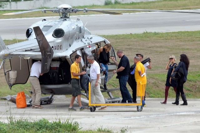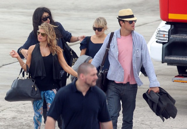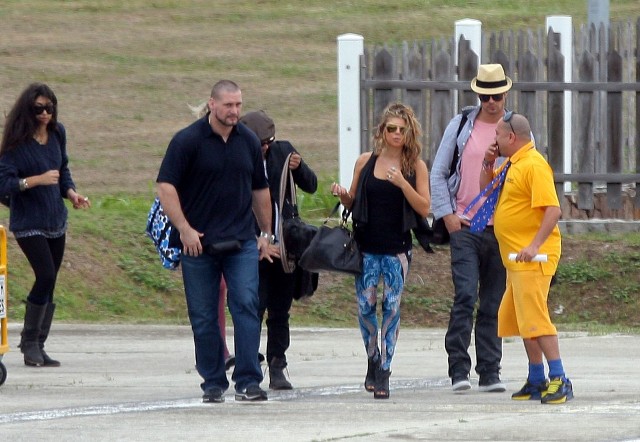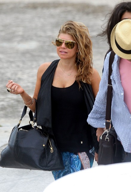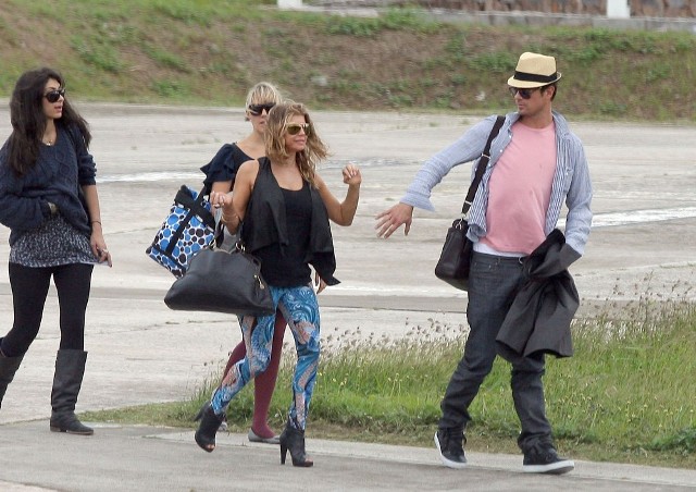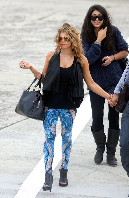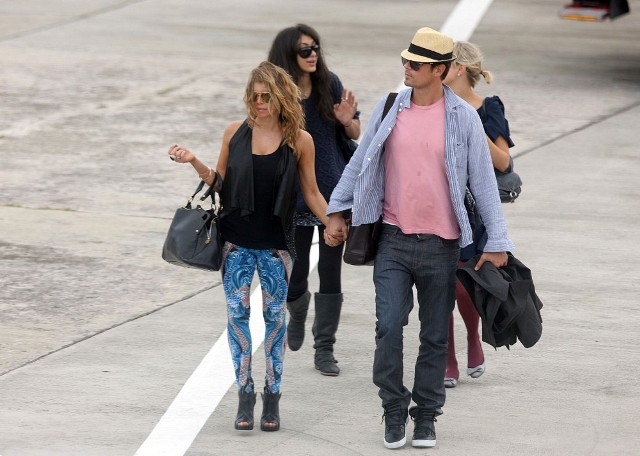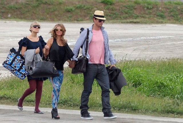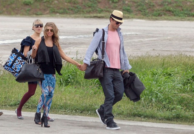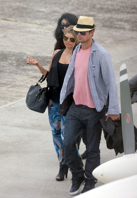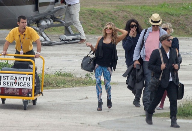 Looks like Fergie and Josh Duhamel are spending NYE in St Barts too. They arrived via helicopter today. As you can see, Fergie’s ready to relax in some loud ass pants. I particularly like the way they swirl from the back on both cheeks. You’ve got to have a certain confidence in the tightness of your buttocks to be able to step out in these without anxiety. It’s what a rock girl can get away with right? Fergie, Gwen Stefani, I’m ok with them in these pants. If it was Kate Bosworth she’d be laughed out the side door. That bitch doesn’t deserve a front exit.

:::::

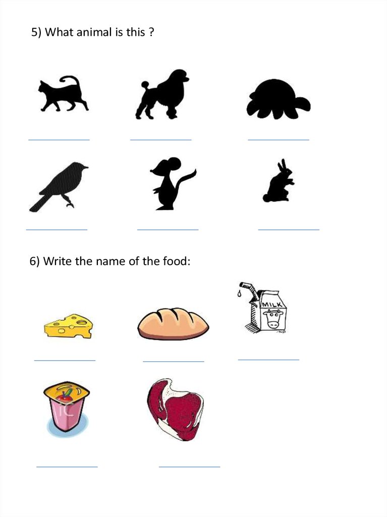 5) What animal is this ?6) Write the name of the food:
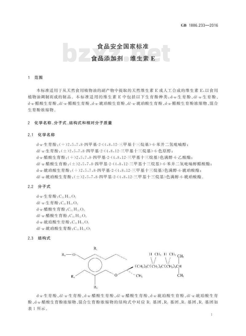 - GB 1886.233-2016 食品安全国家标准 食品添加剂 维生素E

:::::

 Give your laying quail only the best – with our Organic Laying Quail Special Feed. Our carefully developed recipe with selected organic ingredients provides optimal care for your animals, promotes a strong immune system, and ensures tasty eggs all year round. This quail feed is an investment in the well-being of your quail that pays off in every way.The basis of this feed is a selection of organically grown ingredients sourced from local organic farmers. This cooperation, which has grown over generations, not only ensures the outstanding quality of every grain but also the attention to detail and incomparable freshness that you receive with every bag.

:::::

THE PROBLEM: Return, exactly as they stand, the lines above from the one with "5) What animal" to the one with "- GB 1886.233-2016 食品安全国家标准 食品添加剂 维生素E", omitting any pictures among them.

RESULT OF THIS TASK:
 5) What animal is this ?6) Write the name of the food:
 - GB 1886.233-2016 食品安全国家标准 食品添加剂 维生素E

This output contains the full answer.